Data shown =
Start of Block
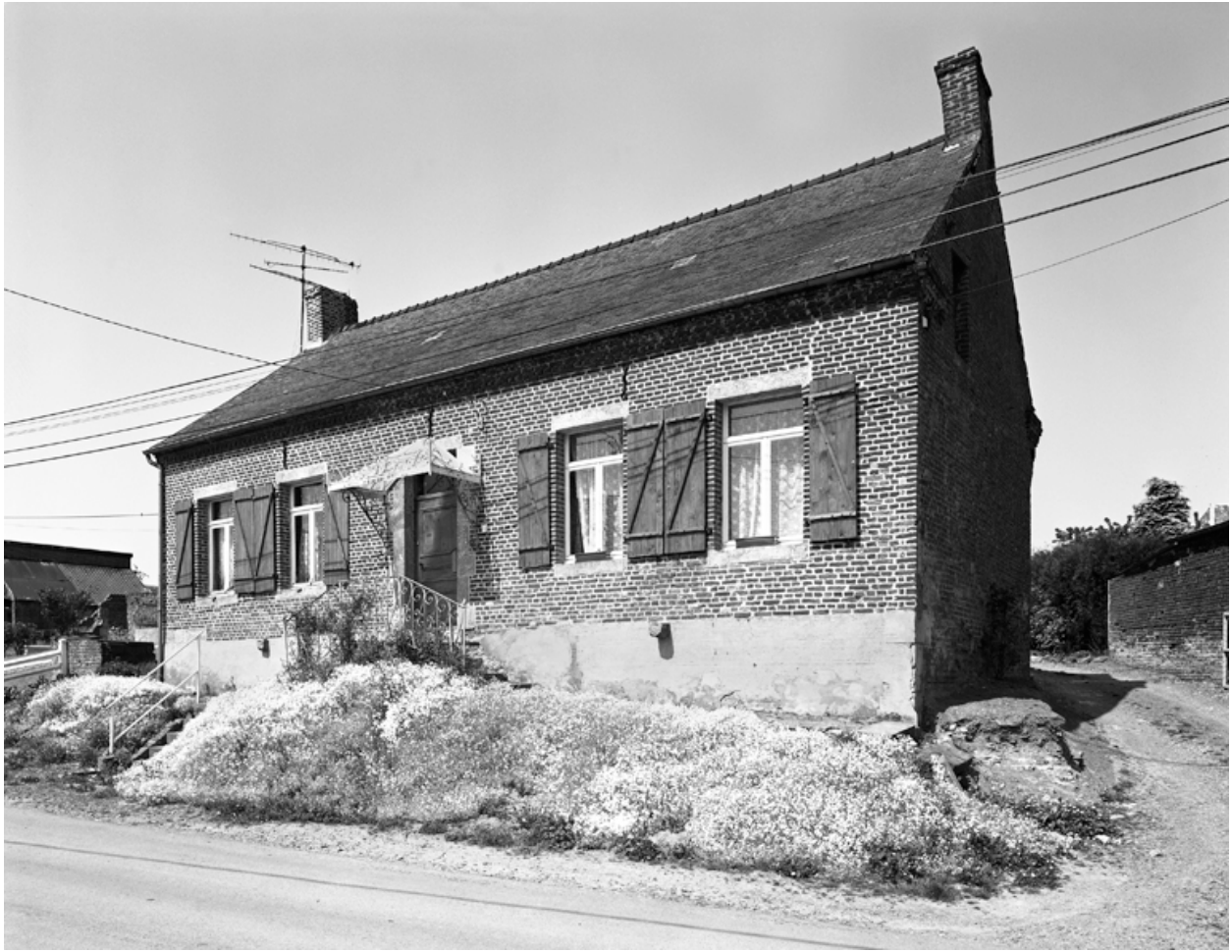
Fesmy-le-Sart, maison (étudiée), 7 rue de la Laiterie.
End of Block
Start of Block
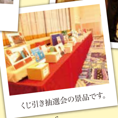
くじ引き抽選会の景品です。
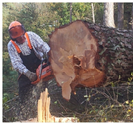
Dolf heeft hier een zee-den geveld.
End of Block
Start of Block
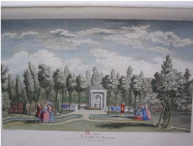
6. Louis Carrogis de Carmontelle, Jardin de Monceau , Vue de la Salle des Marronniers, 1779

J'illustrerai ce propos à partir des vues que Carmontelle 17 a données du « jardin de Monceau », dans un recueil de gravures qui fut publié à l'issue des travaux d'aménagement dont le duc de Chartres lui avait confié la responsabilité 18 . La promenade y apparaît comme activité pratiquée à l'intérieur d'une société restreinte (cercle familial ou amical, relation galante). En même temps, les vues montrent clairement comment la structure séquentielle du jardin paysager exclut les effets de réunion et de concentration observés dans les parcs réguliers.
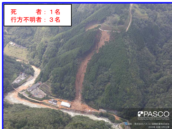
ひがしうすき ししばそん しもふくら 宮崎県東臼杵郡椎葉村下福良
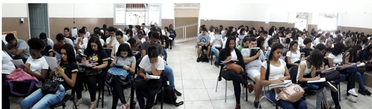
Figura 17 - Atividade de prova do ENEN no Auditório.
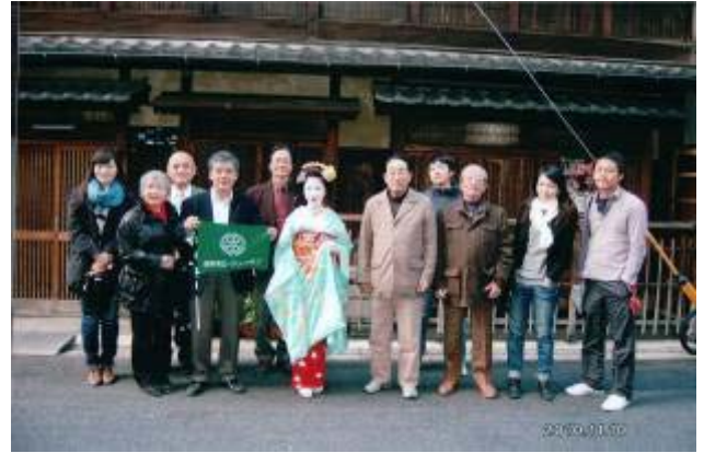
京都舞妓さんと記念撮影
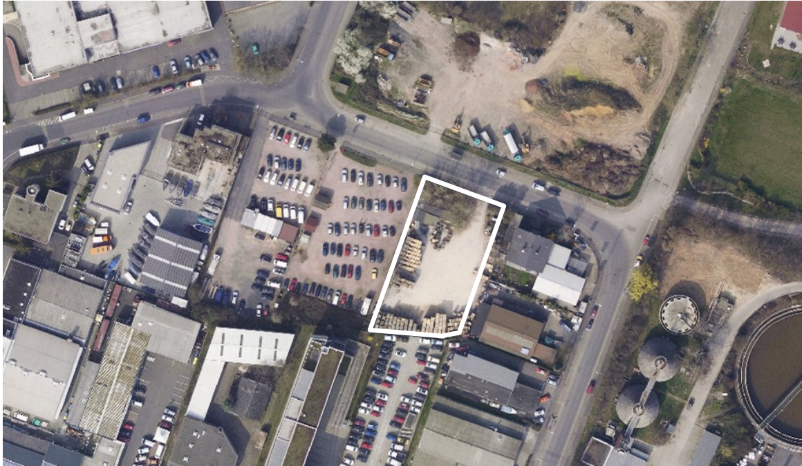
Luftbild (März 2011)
End of Block
Required action =
Going by the data above, give back only the lines from the one containing "J'illustrerai ce propos" through the one containing "ひがしうすき ししばそん しもふくら 宮崎県東臼杵郡椎葉村下福良", exactly as they stand, both ends included and no images.

Task solution =
J'illustrerai ce propos à partir des vues que Carmontelle 17 a données du « jardin de Monceau », dans un recueil de gravures qui fut publié à l'issue des travaux d'aménagement dont le duc de Chartres lui avait confié la responsabilité 18 . La promenade y apparaît comme activité pratiquée à l'intérieur d'une société restreinte (cercle familial ou amical, relation galante). En même temps, les vues montrent clairement comment la structure séquentielle du jardin paysager exclut les effets de réunion et de concentration observés dans les parcs réguliers.
ひがしうすき ししばそん しもふくら 宮崎県東臼杵郡椎葉村下福良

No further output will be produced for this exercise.